◆ Stored items ◆
--- START ---

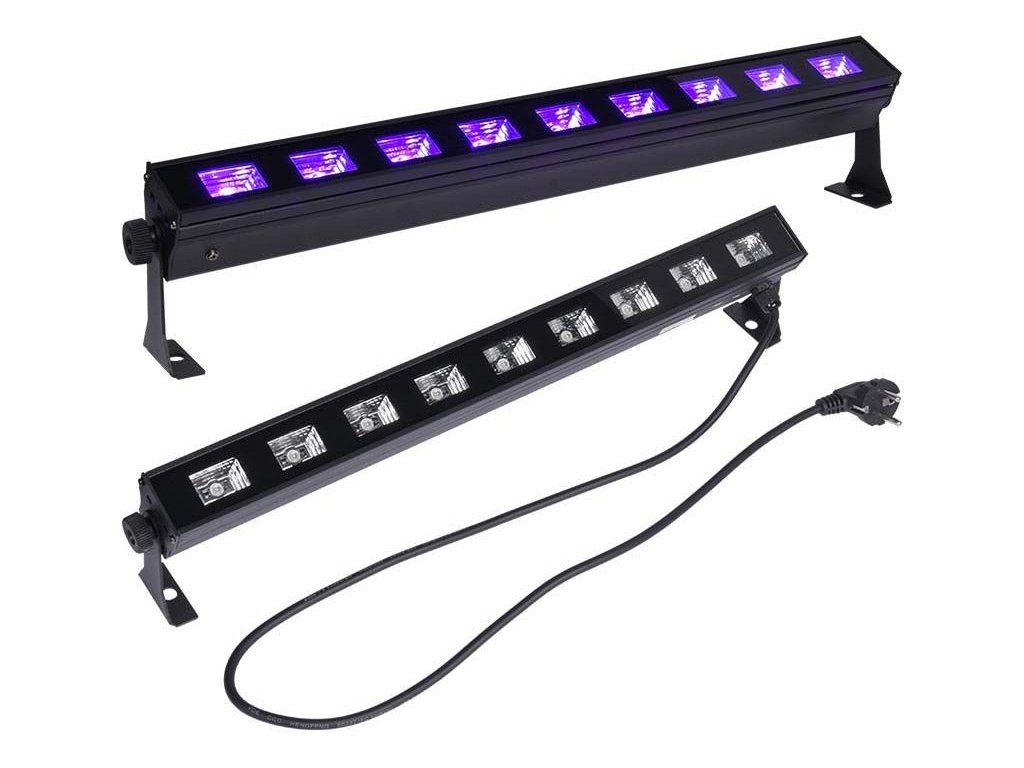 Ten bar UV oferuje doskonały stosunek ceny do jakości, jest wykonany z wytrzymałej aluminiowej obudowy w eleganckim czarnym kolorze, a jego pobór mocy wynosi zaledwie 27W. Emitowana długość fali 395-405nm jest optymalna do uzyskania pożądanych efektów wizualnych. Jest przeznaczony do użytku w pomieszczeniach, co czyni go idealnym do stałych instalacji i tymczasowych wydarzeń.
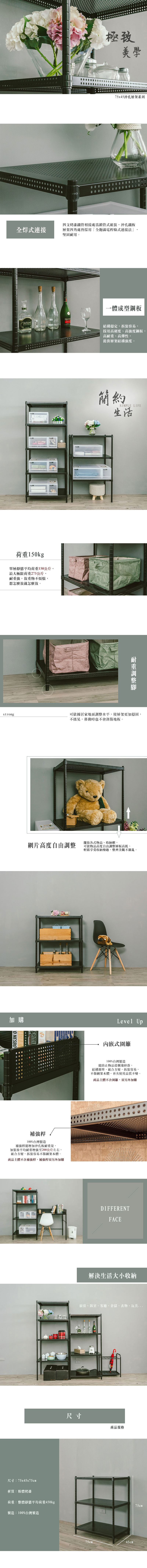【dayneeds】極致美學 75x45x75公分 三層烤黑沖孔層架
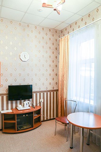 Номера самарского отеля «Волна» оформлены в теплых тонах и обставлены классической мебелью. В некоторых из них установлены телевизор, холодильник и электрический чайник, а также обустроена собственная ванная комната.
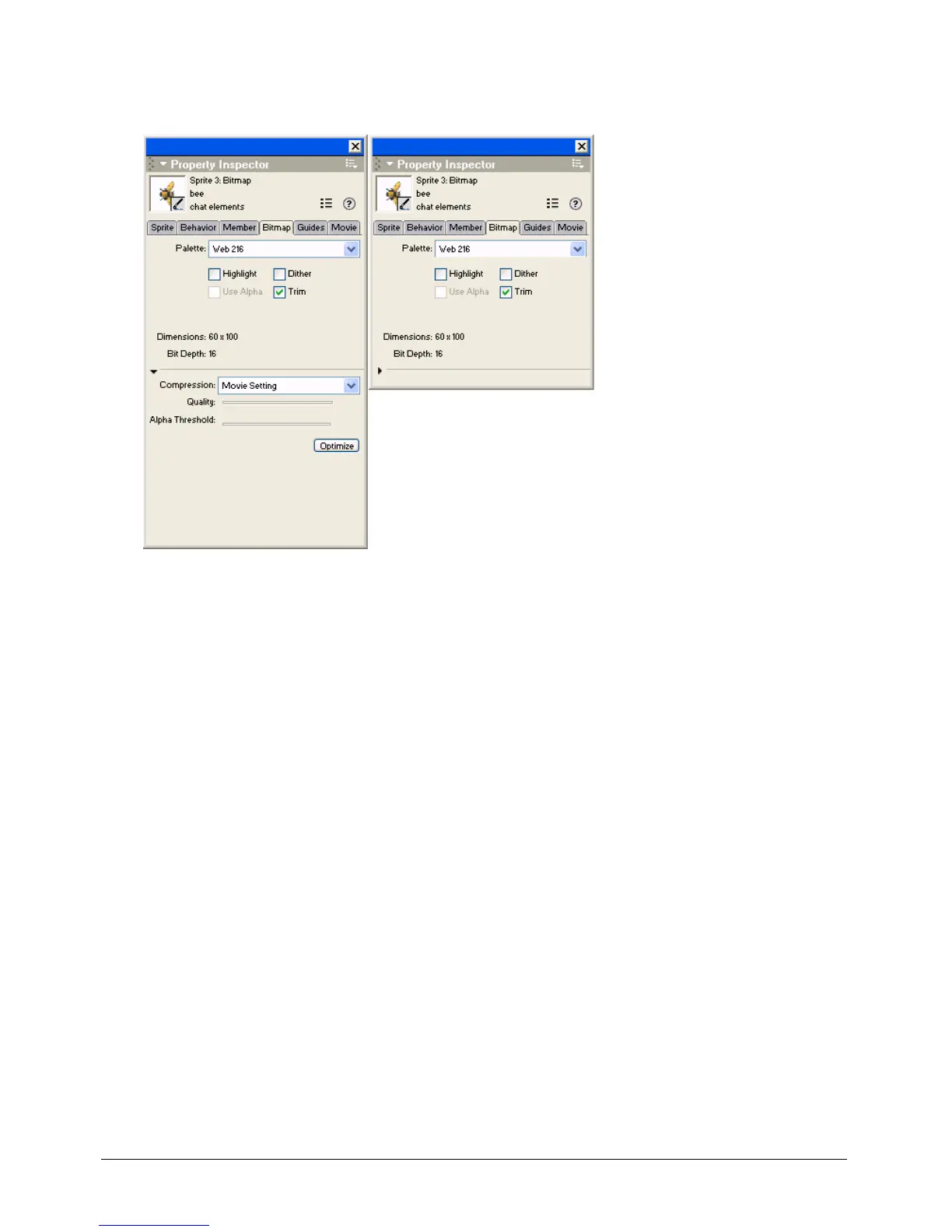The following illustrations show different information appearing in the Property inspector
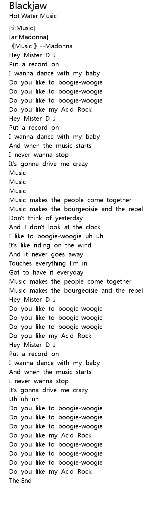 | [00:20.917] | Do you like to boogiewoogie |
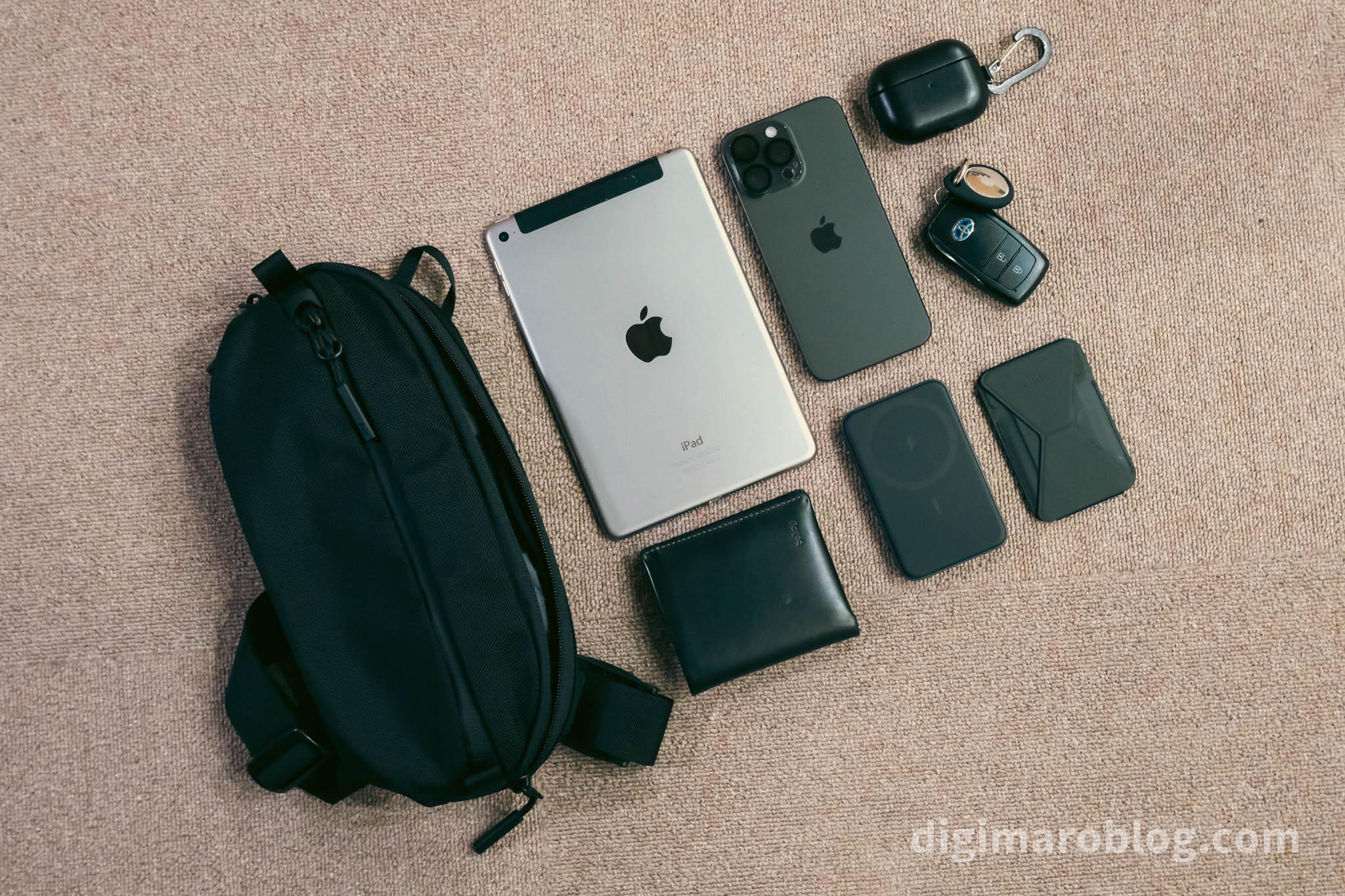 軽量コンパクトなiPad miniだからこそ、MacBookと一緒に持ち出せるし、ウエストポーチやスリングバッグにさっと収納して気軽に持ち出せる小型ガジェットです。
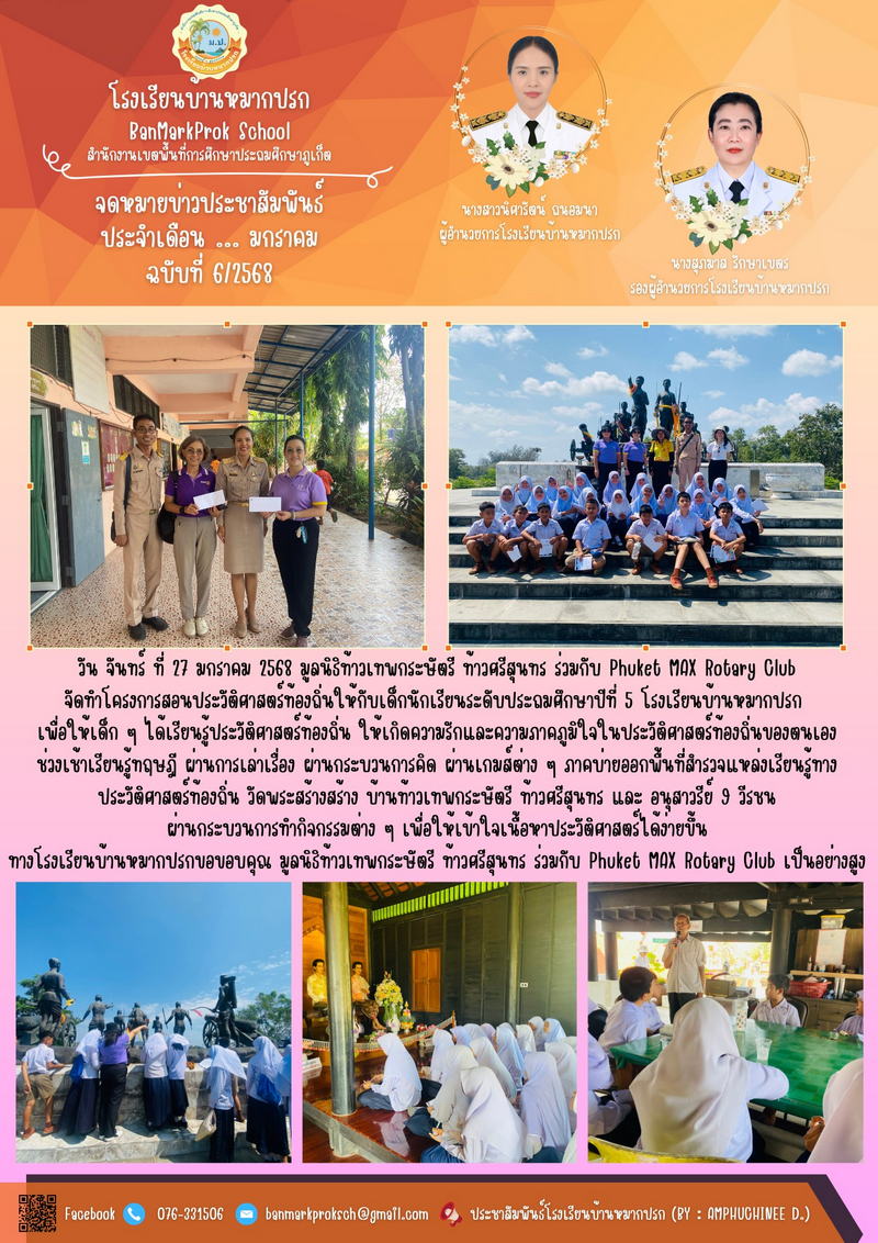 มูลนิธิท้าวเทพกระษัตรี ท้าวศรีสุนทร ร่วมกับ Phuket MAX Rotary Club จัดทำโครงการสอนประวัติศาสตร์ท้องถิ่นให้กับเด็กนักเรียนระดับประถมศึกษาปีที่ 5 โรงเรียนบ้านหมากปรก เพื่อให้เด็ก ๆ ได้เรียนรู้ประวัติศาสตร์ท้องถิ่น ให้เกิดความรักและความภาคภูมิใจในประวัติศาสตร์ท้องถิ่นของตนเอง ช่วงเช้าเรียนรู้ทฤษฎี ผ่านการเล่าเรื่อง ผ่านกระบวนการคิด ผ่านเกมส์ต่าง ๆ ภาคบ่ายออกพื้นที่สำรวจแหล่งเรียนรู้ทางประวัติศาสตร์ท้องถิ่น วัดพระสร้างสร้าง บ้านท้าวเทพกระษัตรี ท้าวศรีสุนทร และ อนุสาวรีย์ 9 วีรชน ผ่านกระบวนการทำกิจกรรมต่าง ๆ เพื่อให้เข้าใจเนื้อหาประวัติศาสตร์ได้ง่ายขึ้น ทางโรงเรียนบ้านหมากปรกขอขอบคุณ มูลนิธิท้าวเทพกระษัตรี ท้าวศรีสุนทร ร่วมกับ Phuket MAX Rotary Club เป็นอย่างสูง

--- END ---

◆ Your assignment ◆
Would you return the entries verbatim, minus any images?

◆ Task result ◆
 Ten bar UV oferuje doskonały stosunek ceny do jakości, jest wykonany z wytrzymałej aluminiowej obudowy w eleganckim czarnym kolorze, a jego pobór mocy wynosi zaledwie 27W. Emitowana długość fali 395-405nm jest optymalna do uzyskania pożądanych efektów wizualnych. Jest przeznaczony do użytku w pomieszczeniach, co czyni go idealnym do stałych instalacji i tymczasowych wydarzeń.
【dayneeds】極致美學 75x45x75公分 三層烤黑沖孔層架
 Номера самарского отеля «Волна» оформлены в теплых тонах и обставлены классической мебелью. В некоторых из них установлены телевизор, холодильник и электрический чайник, а также обустроена собственная ванная комната.
The following illustrations show different information appearing in the Property inspector
 | [00:20.917] | Do you like to boogiewoogie |
 軽量コンパクトなiPad miniだからこそ、MacBookと一緒に持ち出せるし、ウエストポーチやスリングバッグにさっと収納して気軽に持ち出せる小型ガジェットです。
 มูลนิธิท้าวเทพกระษัตรี ท้าวศรีสุนทร ร่วมกับ Phuket MAX Rotary Club จัดทำโครงการสอนประวัติศาสตร์ท้องถิ่นให้กับเด็กนักเรียนระดับประถมศึกษาปีที่ 5 โรงเรียนบ้านหมากปรก เพื่อให้เด็ก ๆ ได้เรียนรู้ประวัติศาสตร์ท้องถิ่น ให้เกิดความรักและความภาคภูมิใจในประวัติศาสตร์ท้องถิ่นของตนเอง ช่วงเช้าเรียนรู้ทฤษฎี ผ่านการเล่าเรื่อง ผ่านกระบวนการคิด ผ่านเกมส์ต่าง ๆ ภาคบ่ายออกพื้นที่สำรวจแหล่งเรียนรู้ทางประวัติศาสตร์ท้องถิ่น วัดพระสร้างสร้าง บ้านท้าวเทพกระษัตรี ท้าวศรีสุนทร และ อนุสาวรีย์ 9 วีรชน ผ่านกระบวนการทำกิจกรรมต่าง ๆ เพื่อให้เข้าใจเนื้อหาประวัติศาสตร์ได้ง่ายขึ้น ทางโรงเรียนบ้านหมากปรกขอขอบคุณ มูลนิธิท้าวเทพกระษัตรี ท้าวศรีสุนทร ร่วมกับ Phuket MAX Rotary Club เป็นอย่างสูง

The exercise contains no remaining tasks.